- Founded: 1987
- Founder: Paul "Hammy" Halmshaw
- Distributor: Snapper Music
- Genre: Extreme metal; heavy metal; hardcore punk;
- Country of origin: United Kingdom
- Official website: www.peaceville.com

= Peaceville Records =

British independent record label

Peaceville Records is a British independent heavy metal record label. The label was founded by Paul "Hammy" Halmshaw (of the bands Instigators and Civilised Society, as well as a former drummer of Sore Throat) in Dewsbury, England, in 1987. Originally a tape label releasing anarcho punk, the releases moved towards metal through crust punk and similar forms of metal-influenced English hardcore punk. Halmshaw started running the label full-time in 1988, although the original tape label incarnation was founded in 1981 as a vehicle for releasing Instigators demo cassettes.

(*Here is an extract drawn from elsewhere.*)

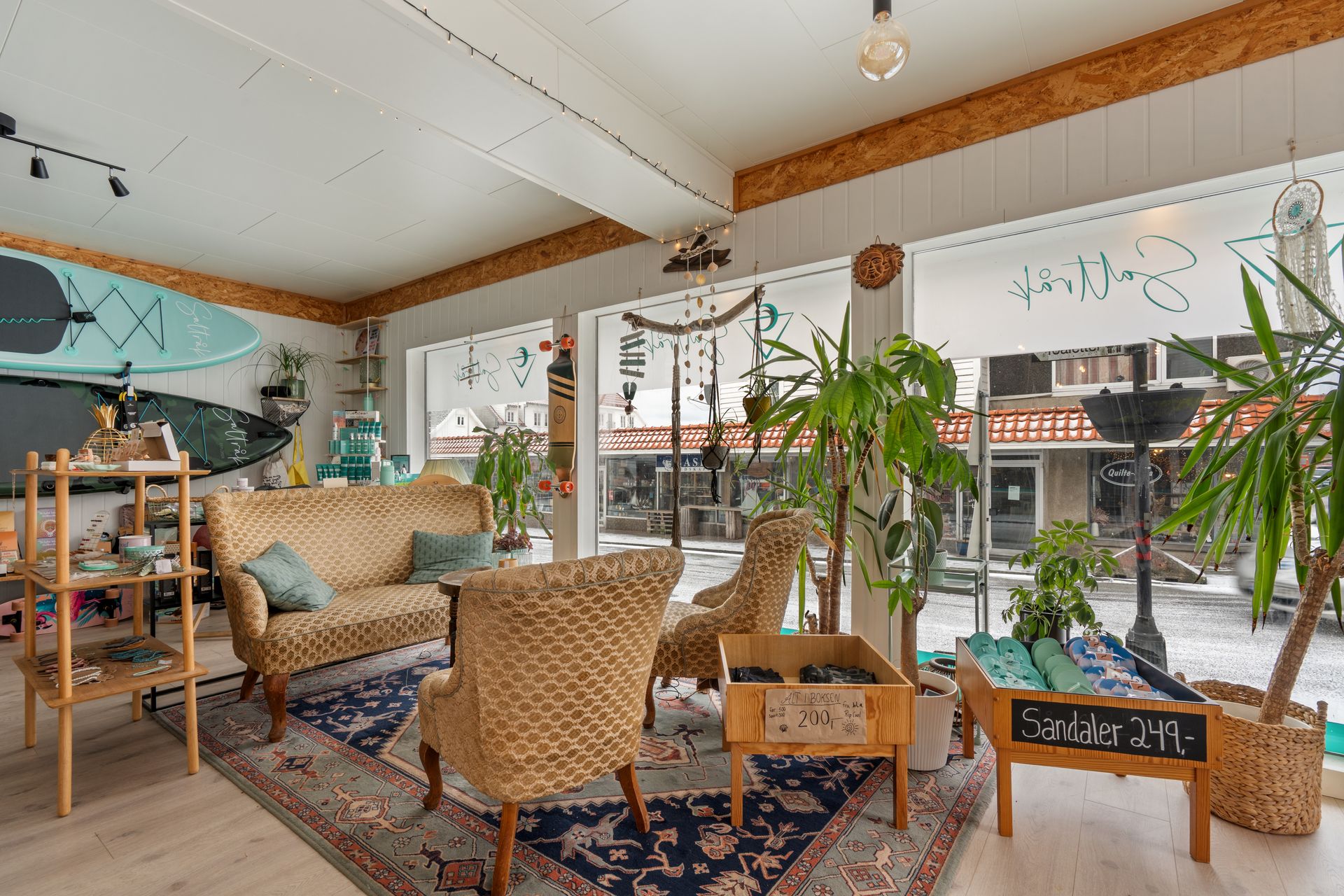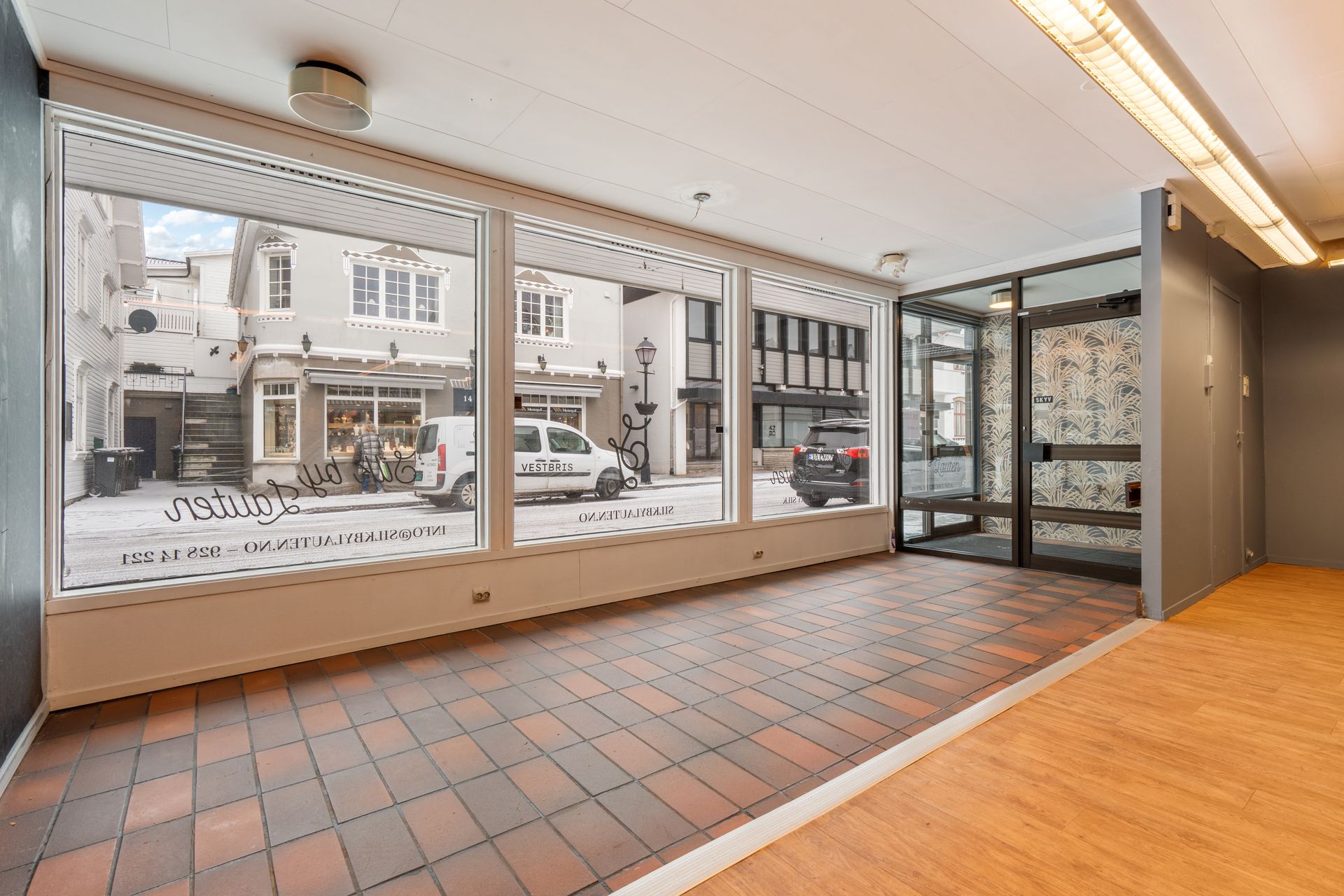 Forretningsdel: Forretningslokale 1 består av et funksjonelt utsalgsrom med tilhørende lager, kontor og toalett. Forretningslokale 2 inneholder et innbydende utsalgsrom med eget inngangsparti samt tilhørende fasiliteter som prøverom, toalett, spiserom, garderobe, kjøkken/personalrom, gang og søppelbod. Lokalene er godt tilrettelagt for handels- og servicevirksomhet.

The label is therefore known for the connection between doom metal and the 1980s English crust punk scene. Sister labels 'Deaf' and 'Dreamtime' concentrated more on thrash metal (Deaf) and psychedelic electronica (Dreamtime).

However, the bands My Dying Bride, Darkthrone, Katatonia, Autopsy, Anathema, Paradise Lost, and Opeth - known as the 'Peaceville Stable' - have been the label's most recognizable acts since the 1990s. Peaceville also became known for its anti-major label stance and left wing political outlook.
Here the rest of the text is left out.